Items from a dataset
+ + +

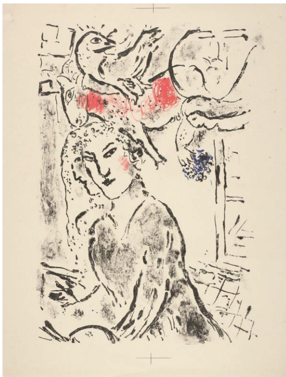
Autorretrato en la ventana, 1957 © VEGAP, Madrid, 2016 - Chagall®

En el Autorretrato en la ventana (1957), que recibe al visitante al entrar en la exposición, se observan varios elementos formales y motivos que caracterizan también los autorretratos. La paleta y el pincel son los atributos inconfundibles del pintor, cuyo perfil se funde con el de la amada esposa como una antigua representación de Jano. Una figura angélica femenina, un pájaro y un buey planean por encima del artista, la ventana del atelier está abierta y en la lógica de la pintura estas figuras de la realidad empírica parecen penetrar en la intimidad del estudio.
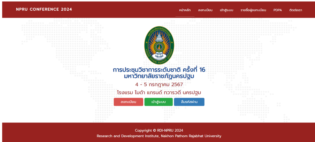
รูปที่ 1 หน้าแรก rdi.npru.ac.th/conference16/
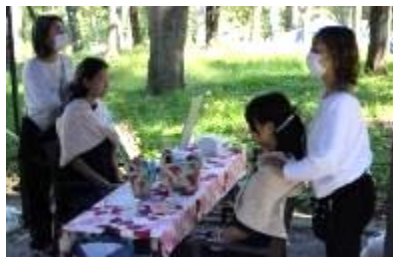
イヤビューティ施術体験
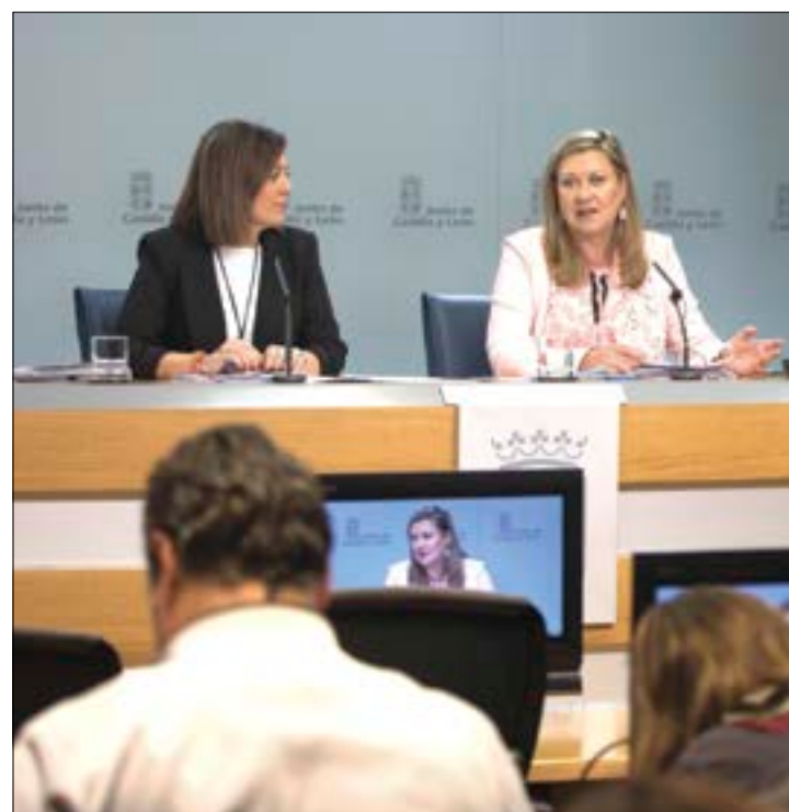
Las consejeras de Agricultura y Ganadería y de Economía y Hacienda.

Otra de las modificaciones fiscales que introduce el anteproyecto tiene que ver con la deducción para el fomento del emprendimiento, que permite a los contribuyentes desgravarse el 20 % de las cantidades dedicadas a la compra de acciones o participaciones de empresas de nueva creación o en fase de expansión, siempre que las compañías destinen los recursos a un proyecto de inversión en Castilla y León y amplíen la plantilla de empleados.

+ + +

▶ [BRIEF]: Say only the number of lines of the data above in which the string "ventana" occurs.

▶ [TASK ANSWER]: 2